The project wants to detect an emergency situation in real time through tweets flow scanning using machine learning algorithms and users as sensors.
Link to the Slideshare presentation. Scientific paper on the repository.
- Daniele Davoli - Linkedin profile
- Danilo Marzilli - Linkedin profile
- Andrea Lombardo - Linkedin profile
For training and validating our machine learning system, we have used a dataset of 5,642 manually annotated tweets in the Italian language. The tweets are related to 4 different natural disasters occurred in Italy between 2009 and 2014. For each tweet is reported:
- tweet ID;
- text;
- source;
- author’s screen name;
- author’s ID;
- latitude and longitude (if available);
- time;
- disaster ID (see below);
- class.
Tweets have been manually annotated by humans and divided among 3 classes according to the information they convey:
- damage class: tweets related to the disaster and carrying information about damages to the infrastructures or on the population;
- no damage class: tweets related to the disaster but not carrying relevant information for the assessment of damages;
- not relevant class: tweets collected while building the dataset, but not related to any disaster (noise).

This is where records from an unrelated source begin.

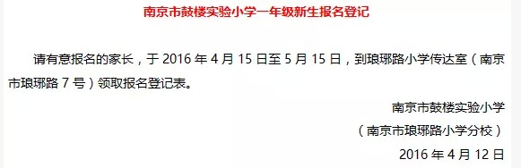 [组图]2016南京鼓楼实验小学小学一年级新生报名登记公告
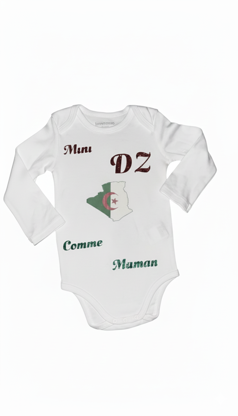 Célébrez les racines et la complicité familiale avec ce body unique, conçu pour les petits fiers de leurs origines. Alliant tendresse et identité, c’est le cadeau de naissance idéal ou la tenue parfaite pour un clin d'œil spécial à maman.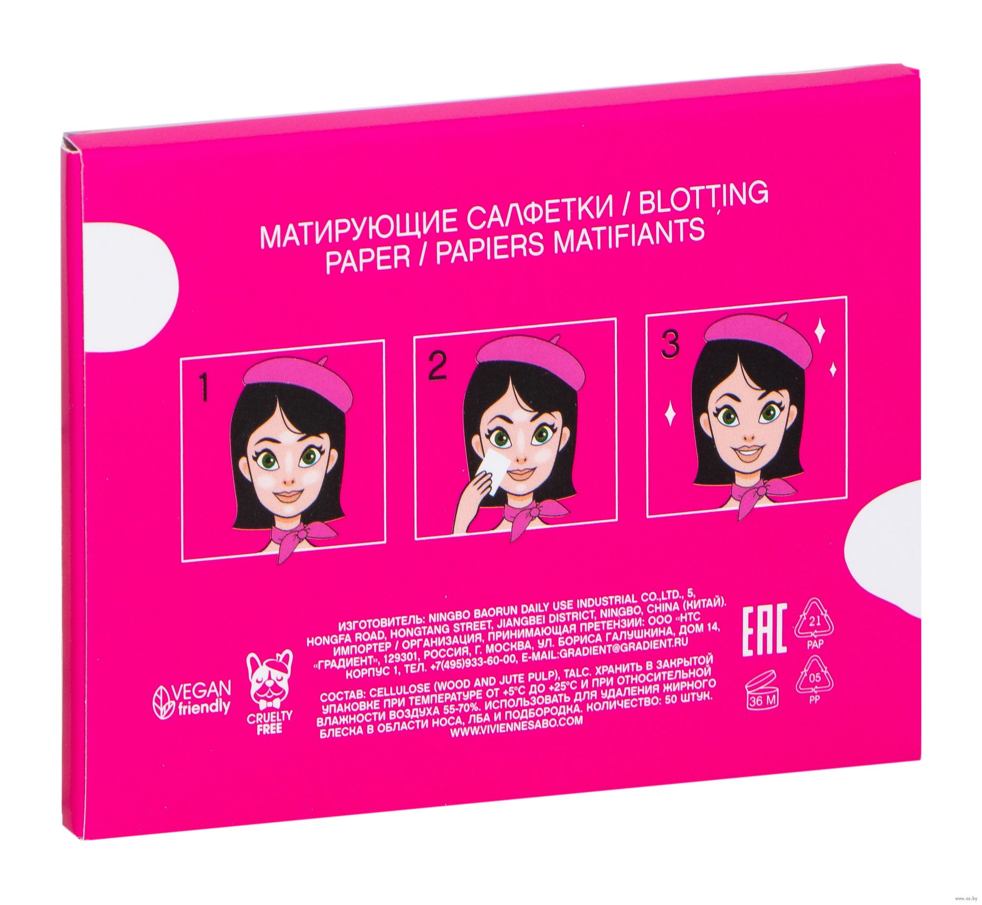 Прикладывать салфетку промокательными движениями к участкам лица, где имеется жирный блеск (Т-зона).Состав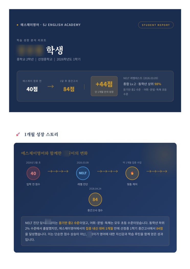 안녕하세요? 은평구 녹번동 초중등 전문 에스제이 영어입니다. 중고등 중간/ 기말고사 시즌에는 참 많은 숫자가 오갑니다. 40점에서 84점. 한 달 만에 44점이 뛰어오른 이 드라마틱한 숫자 앞에서, 저는 점수 그 이상의 변화를 봅니다. 오늘은 태어나서 학원이라는 곳을 이번에 처음 시작한, 한 선정중학교 2학년 학생의 이야기를 들려드리려 합니다. 선생님이 학생 목이라도 잡고 흔들었나요? 한 달 만에 점수가 두 배 이상 껑충 뛴 성적표를 보시고, 주변에서는 농담처럼 묻기도 하십니다. "도대체 어떻게 가르쳤길래 한 달 만에 점수가 저렇게 나오냐"면서요. ^^ 네, 맞습니다. 저는 이 아이를 잡고 흔들었습니다. 하지만 제가 흔든....... <img src="https://blogthumb.pstatic.net/MjAyNjA0MjlfNTMg/MDAxNzc3MzkxNTA3OTYx.aqaCdJpCEPdBL1SUtCc6YS_V1F-zFbimP7d7-8LtaQYg.ggMVN2yUnhY4ao51W2tkX_eKjKsM7LsZ9co0c-YNFnAg.JPEG/%B0%AD%B7%CE%BF%F8_%C7%D0%BD%C0_%BA%D0%BC%AE_%B8%AE%C6%F7%C6%AE___%BF%A1%BD%BA%C1%A6%C0%CC%BF%B5%BE%EE_page-0001.jpg?type=s3" />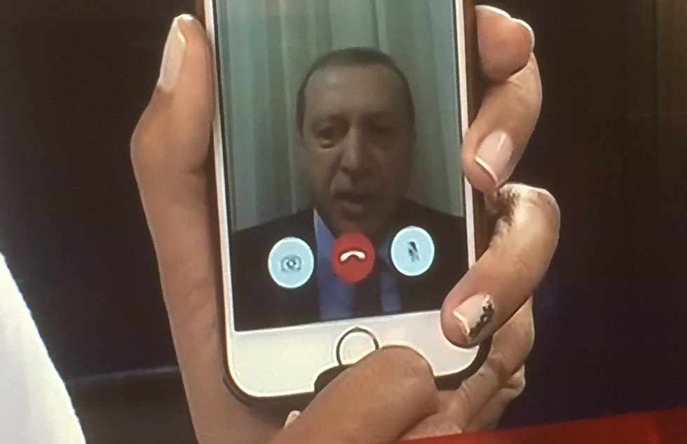 On CNN Turk, a telephone was held to the camera by the presenter, a lapel microphone pressed close to the speaker, and Erdogan's face came into focus. FaceTime with Erdogan was under way.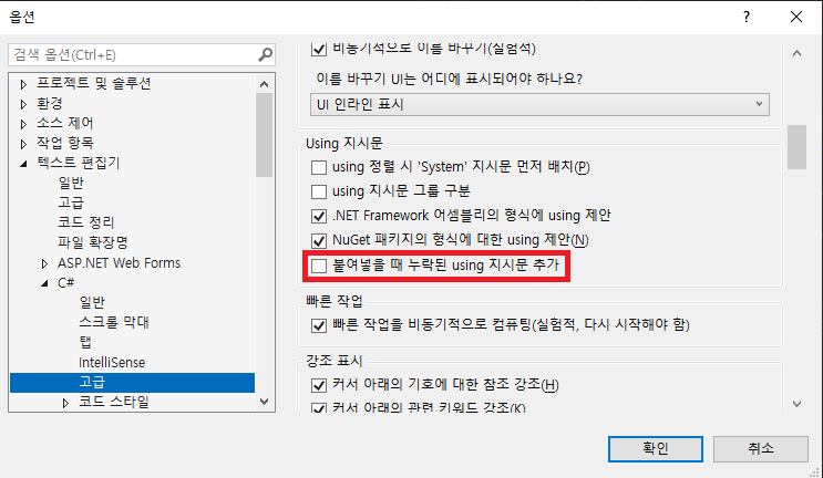 1) Visual Studio - 도구 - 옵션 - 텍스트 편집기 - C# - 고급 - Using 지시문 - '붙여넣을 때 누락된 using 지시문 추가' 끄기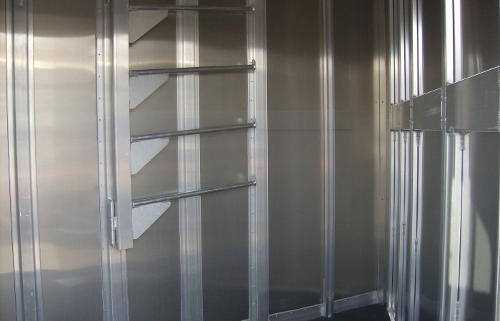 -Gooseneck trailer. Includes a dressing room and double rear doors with pipe
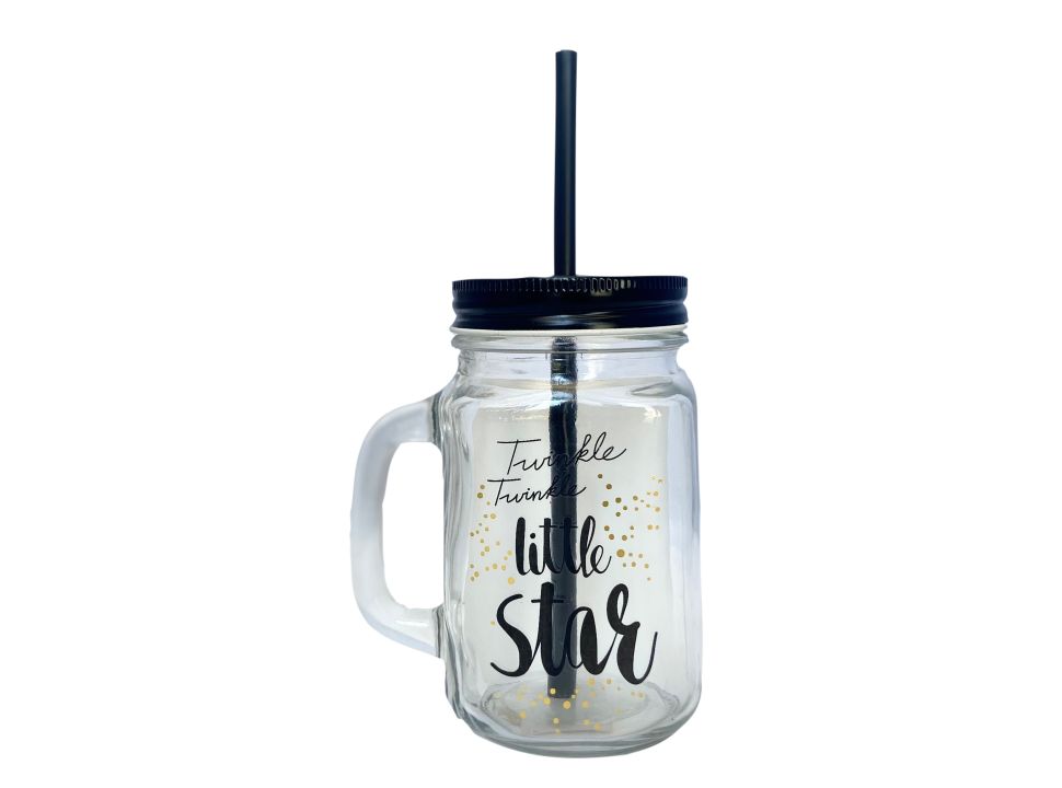 Frasco De Vidrio C/ Sorbete Y Tapa Negra Little Style 13X7 Cm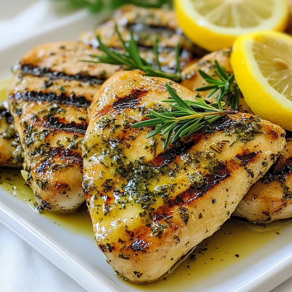 - 4 boneless, skinless chicken breasts - 3 tablespoons extra virgin olive oil - Zest from 2 vibrant lemons - 1/4 cup freshly squeezed lemon juice - 3 cloves of garlic, finely minced - 1 tablespoon fresh rosemary, finely chopped - 1 tablespoon fresh thyme, finely chopped - 1 tablespoon fresh parsley, finely chopped - Sea salt and freshly cracked black pepper, to taste - Lemon slices, for an elegant garnish To make Lemon Herb Grilled Chicken, gather these ingredients. You need four boneless, skinless chicken breasts. They are easy to grill and stay juicy. You will also need three tablespoons of olive oil and the zest from two bright lemons. This zest adds a fresh kick. Next, juice those lemons to get 1/4 cup of lemon juice. This juice will help tenderize the chicken. You want three cloves of garlic, finely minced, for flavor. Fresh herbs are key too! Grab a tablespoon each of rosemary, thyme, and parsley. These herbs add a great aroma and taste. Lastly, don’t forget sea salt and black pepper. These seasonings will enhance all the flavors. Lemon slices make a nice touch for garnish. With all these items, you are set for a delicious grilled chicken dish! {{ingredient_image_2}} Start by gathering your ingredients. You will need olive oil, lemon zest, lemon juice, minced garlic, and fresh herbs. In a spacious mixing bowl, whisk together the olive oil, lemon zest, lemon juice, minced garlic, chopped rosemary, thyme, parsley, sea salt, and black pepper. This will create a bright and aromatic marinade that infuses the chicken with flavor. Marinating time is key. I recommend letting the chicken soak for at least 30 minutes. If you have more time, marinate for up to 2 hours. This allows the chicken to absorb all the wonderful flavors. Now, gently place the chicken breasts into the marinade. Make sure each piece is thoroughly coated. This is where the magic happens! Cover the bowl with plastic wrap and place it in the refrigerator. The cold makes the chicken tender and juicy as it soaks in all those flavors. Before grilling, preheat your grill to a medium-high setting, aiming for about 400°F (200°C). This temperature helps achieve that perfect char. After marinating, remove the chicken from the bowl. Let any excess marinade drip off. Discard the leftover marinade to stay safe from germs. Place the chicken breasts on the grill. Cook each side for approximately 6-7 minutes. You know it’s done when the internal temperature hits 165°F (75°C) and you see those nice grill marks. Once grilled, transfer the chicken to a plate and let it rest for 5 minutes. This is an important step. It helps keep the chicken juicy. Serve it with fresh lemon slices and a sprinkle of herbs for a beautiful finish! To keep your chicken juicy, let it rest after grilling. This step is key. When you rest the chicken, the juices settle back inside. If you skip this, the juices run out when you cut it. Always check the internal temperature. Use a meat thermometer for accuracy. You want the chicken to reach 165°F (75°C). This temperature ensures safety and keeps your chicken moist. To achieve those eye-catching grill marks, preheat your grill well. A hot grill helps create those beautiful lines. Remember to oil the grill grates lightly before placing the chicken on it. Timing each side is crucial. Grill each piece for about 6-7 minutes. Avoid flipping too often. Let the chicken sear before turning. For a lovely finish, garnish your grilled chicken with fresh lemon and herbs. This adds color and flavor. Place lemon slices on top or around the chicken for a bright look. Serve your chicken with a side of grilled veggies or quinoa. This makes a balanced meal. You can also pair it with a fresh salad for a light option. Pro Tips Marinate Longer for Deeper Flavor: Allow the chicken to marinate for up to 2 hours for a more robust flavor, allowing the herbs and lemon to truly penetrate the meat. Let the Chicken Rest: After grilling, let the chicken rest for 5 minutes before slicing. This helps the juices redistribute, ensuring moist, tender chicken. Check Internal Temperature: Use a meat thermometer to ensure the chicken reaches an internal temperature of 165°F (75°C) for safe consumption and optimal juiciness. Experiment with Herbs: Feel free to mix and match different fresh herbs based on your preference, such as basil or oregano, to create a unique flavor profile. {{image_4}} You can change up the marinade for lemon herb grilled chicken easily. One great option is to use other citrus fruits. Think about oranges or limes. They can add a unique twist to the flavor. Just swap the lemon juice and zest for the other fruit. Another fun idea is to add spice blends. Try using paprika or cumin. These spices can give your chicken a warm kick. You can even mix in some chili powder for more heat. If you want to cook the chicken differently, try oven-baking. Preheat your oven to 400°F (200°C). Place the marinated chicken on a baking sheet. Bake for about 25-30 minutes. This method keeps the chicken juicy and tender. You can also skewer the chicken for kabobs. Cut the chicken into cubes and thread them onto skewers. Grill them for a fun, easy-to-eat meal. This is perfect for parties or summer cookouts. Now, let’s think about side dishes. A fresh vegetable salad pairs well with grilled chicken. You can use mixed greens, cherry tomatoes, and cucumber. Drizzle with olive oil and lemon juice for a light dressing. For grains, consider serving rice or quinoa. Both are great options that complement the chicken’s flavors. You can even add herbs to the grains for more taste. Give your meal a colorful and healthy boost! After enjoying your lemon herb grilled chicken, store any leftovers properly. Place the chicken in an airtight container. It will keep well in the fridge for up to four days. To help maintain moisture, seal it tightly. When you reheat, do so gently to avoid drying it out. You can use the microwave or a skillet on low heat to warm

The dataset ins also available in this repository. Validations with your datasets are welcome :)
We process our dataset in this order:
- Import data from the .csv file;
- Preprocessing our tweets in order to remove punctuation, stop words and digits and to implement the stemming algorithm;
- Trasform the tweets in vectors in a space vector where the axis are the vocabulary terms and give to each vector a TF-IDF (Term Frequency and Inverted Document Frequency) weight;
- Cluster our tweets (now vectors) in main topics;
- Train a SVM classifier in order to distinguish the tweets in relevant and not relevant.